- The task
Pictures stay out of the copy. Transcribe exactly the lines from the line with "以下の場合、[ワイルドカードを使用する]にフォーカスがあります。" through the final line of the records.
═════ Available data ═════
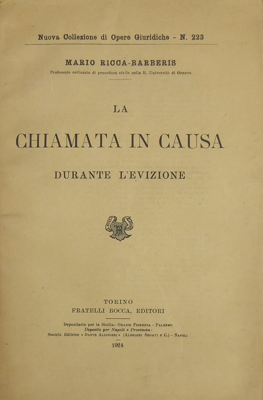 La chiamata in causa durante l'evizione | Livres anciens et modernes | Ricca Barberis Mario
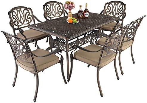 This outdoor dining collection is an excellent addition to any garden, yard, or patio space. Crafted from high-strength cast aluminum, it boasts remarkable weather resistance and durability, allowing for year-round use without the worries of rusting or corrosion. The unique carved designs not only add an artistic flair but also demonstrate superior craftsmanship, making it a visually appealing choice for outdoor dining. The large table measures 59 by 35.4 inches, providing ample space for family gatherings or entertaining friends without overwhelming your outdoor area. Each chair is equipped with comfortable cushions and can be easily stacked for efficient storage.
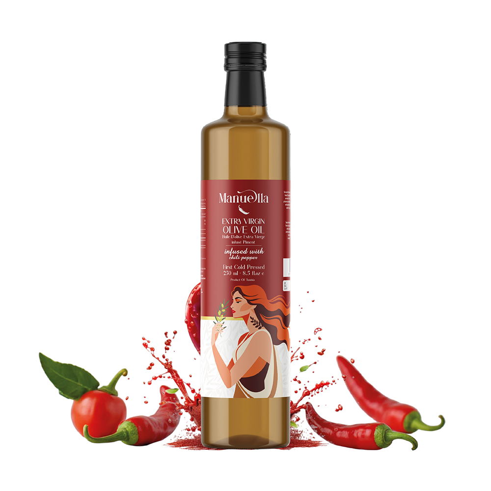 Notre Huile d’Olive Vierge Extra Infusée au Piment est une création audacieuse qui marie la richesse d’une huile d’olive première pression à froid avec l’intensité contrôlée de piments soigneusement sélectionnés Cette huile pimentée artisanale apporte caractère, profondeur et une chaleur progressive à vos plats, sans agressivité.
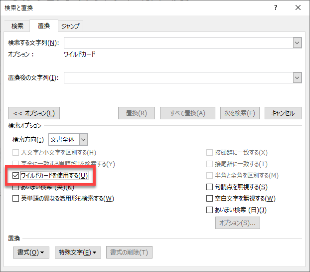 以下の場合、[ワイルドカードを使用する]にフォーカスがあります。
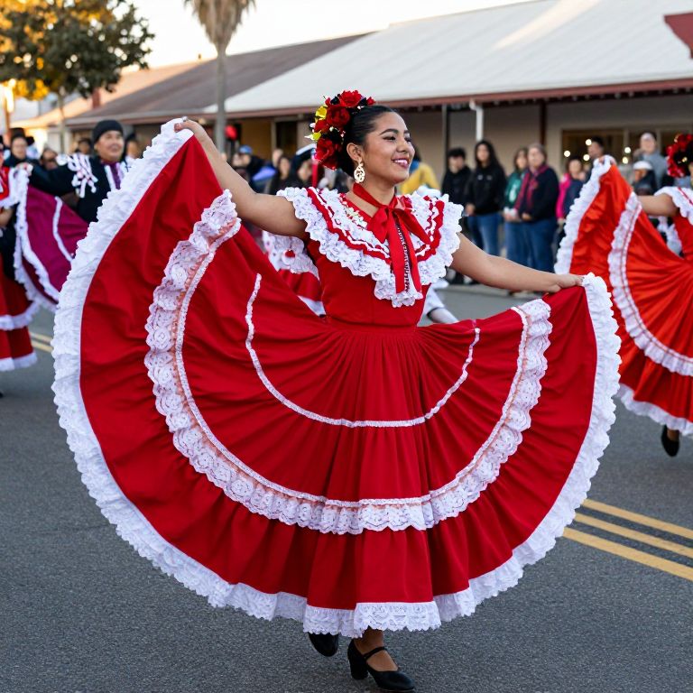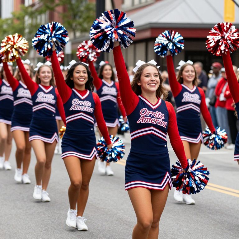 Cheerleaders in navy-blue and red uniforms emblazoned with \"Orrite America\" march energetically down a city street, waving and smiling as they prepare for Thursday's parade.
═════
- Task output
 以下の場合、[ワイルドカードを使用する]にフォーカスがあります。
 Cheerleaders in navy-blue and red uniforms emblazoned with \"Orrite America\" march energetically down a city street, waving and smiling as they prepare for Thursday's parade.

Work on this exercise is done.